Título original: Blood Trails
De: Robert Krause
Escrito por: Robert Krause
Com: Rebecca R. Palme, Ben Price e Tom Frederic
Terror sobre ciclistas por entre a floresta.
Anne não resiste ao despique de um outro ciclista e acaba a noite na casa dele.
As desventuras dessa noite deixam-na demasiado culpada e envergonhada, pelo que ela acabará por propor ao namorado uma fuga bucólica.
Por entre os trilhos que eles percorrem de BTT, a vida parece voltar a correr melhor para Anne… Até que o homem com quem ela se havia encontrado ressurge e lhe assassina o namorado.

Blood Trails constrói-se como um exercício minimal de elevada tensão.
Os dois protagonistas encetam um jogo de perseguição labiríntico por entre os trilhos fechados da floresta.
A tensão claustrofóbica gera-se no elevado isolamento das duas personagens que estão a lidar com um meio que é enganador para ambas.

Só que nem o argumento nem a realização sabem capitalizar esse trunfo.
Desde logo, o argumento parece auto-satisfazer-se com essa ideia da perseguição para depois tentar alcançar uma profundidade sobre a mente de um assassino que é apenas uma tentativa de estilo vazia.
O argumento parece apenas uma desculpa para mostrar a ideia “perspicaz” de um assassino cortar a garganta com a roda da sua bicicleta.
Já a realização desperdiça o ambiente e a tensão com uma permanente filmagem em grande plano e uma absoluta inexistência de profundidade de campo.
O grande plano é tão obsessivo que ultrapassa a visualização da cara dos actores para focar os detalhes – olhos, boca, nariz (ver imagem acime) – e resulta numa filmagem sempre agitada na necessidade de reagir a todo o movimento que vai esvaziando o plano. E, assim, não existe cenário, pelo que a presença da floresta é uma ideia que não leva a lado nenhum.
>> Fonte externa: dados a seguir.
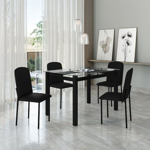 Sua estrutura é de tubo em aço, com pintura Epóxi de alta resistência, tampo da mesa de Vidro Temperado, o que proporciona um design moderno ao produto, cadeiras com assento confortável e encosto anatômico proporcionando conforto. Acompanha cadeira. Medida da Mesa (A x L x P): 76,5cm x 120cm x 80cm Peso da Mesa: 20,035 kg Mesa suporta até: 40 kg Acabamento da Cadeira/Banco: Pintura Epóxi Acabamento da Mesa: Pintura Epóxi Acompanha Manual de Instalação: Sim Almofada do assento: Fixa Ambiente Principal: Sala de Jantar Cadeira/Banco Estofada: Encosto e Assento Estofados Cadeira/Banco estofada: Encosto e Assento Estofados Cadeira/Banco suporta até: 120 kg Cadeira/Banco Suporta Até: 120.0000 codigo_ean: 7898644079314 Complexidade da Montagem: Média: pode ser montado por mais de uma pessoa e/ou necessite de maior conhecimento para montagem Cor: Preto Cor da Base: Preto Cor das Cadeiras: Preto Cor do Produto: Preto Cor do Tampo: Transparente Cor Secundária: Cinza De Canto (Canto Alemão): Não Design da Base: Retangular Enchimento do Assento: Espuma D-18 Escala de Brilho: Semi-Fosco Espessura do Tampo: 6 mm Espessura do Vidro: 6 mm Estrutura do Assento: Aço Formato do Tampo: Retangular Itens Inclusos: 1 Mesa, 4 Cadeiras, Kit Ferragens e Manual de Montagem Linha ou Coleção: Tokio / Classic Manual de Montagem e Instalação: https://product-hub-prd.madeiramadeira.com.br/800616529/documents/e5fcbbe7-0600-462c-8db4-781aac8b11e13136141531017551876434792.pdf Marca: Art Panta Material da Base da Mesa: Aço Material da Estrutura da Cadeira: Aço Material do Tampo: Vidro Material Principal: Aço Medida da Cadeira/Banco (A x L x P): 86cm x 52cm x 42cm Medida do Tampo (L x C x E): 80cm x 120cm x 6mm Mesa Dobrável: Não Mesa Extensível: Não Montagem Flex: Não Necessita Montagem: Sim Origem do Produto: Nacional Peso da Cadeira/Banco: 9,69 kg Possui Apoio para Braços: Não Possui Apoio Para os Pés: Não Possui Prateleiras: Não Possui Suporte Giratório: Não Possui Vidro: Não Quantidade de Cadeiras: 4 Quantidade de Lugares: 04 Recomendações de Uso, Manutenção e Limpeza: Pano levemente umedecido com água, seguido de pano seco, não utilizar produtos químicos ou abrasivos. Revestimento da Cadeira/Banco: Linho Sistema de Montagem: Parafusos Vidro Temperado: Sim
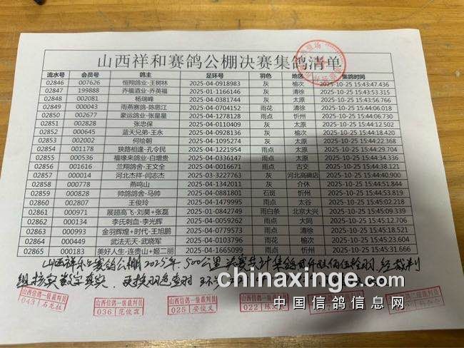 山西祥和赛鸽公棚500公里决赛监赛凭证
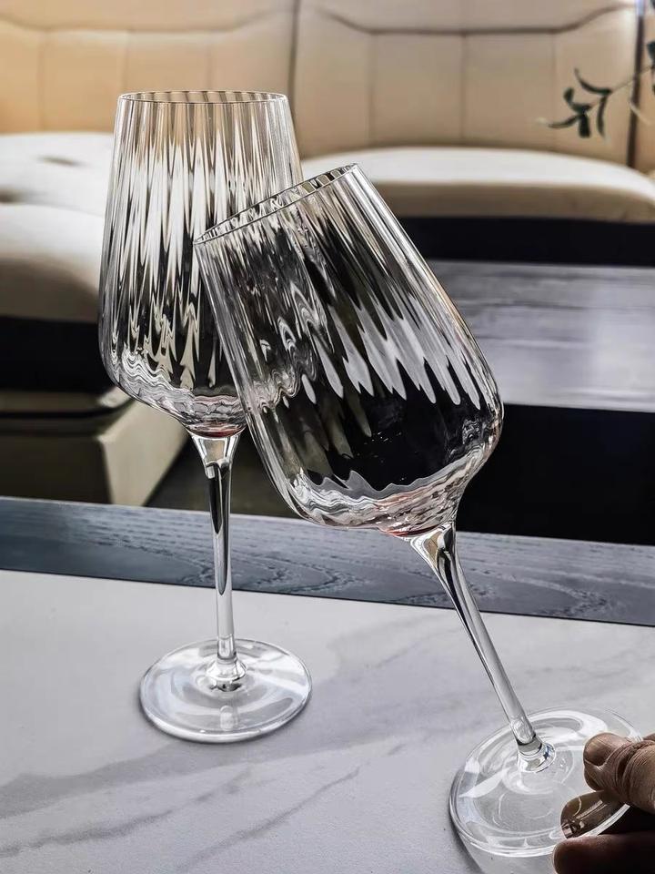 Calice da Vino Rosso Trasparente di Lusso Leggero con Motivo Verticale, Bicchiere Creativo a Pancia Larga per Uso Domestico e Celebrazioni con Champagne

A hora e meia de filme esquece-se em apenas alguns segundos, de tão incoerente e mal executada e, perante a ausência de extras, só se pode mesmo concluir que esta é uma edição em DVD a evitar por completo.
Classificação: ![]()

Vencedores já anunciados!


Quarta-feira, 18 Junho 2008 às 21:08
Argumento demasiado estranho, parece-me.
Quarta-feira, 18 Junho 2008 às 22:16
Ui! 0? Deve ser mesmo mau.
Quarta-feira, 18 Junho 2008 às 22:53
Eh lá! O Carlos ficou mesmo chateado com o filme!xD Vou evitar. =P
Quinta-Feira, 19 Junho 2008 às 14:40
É verdade, a imagem do homem na cruz, apesar de (pseudo-)iconográfica, é um dos aspectos de implausibilidade total do filme, que acabei por não referir pois me queria rapidamente livrar do encargo a que ele me obrigou.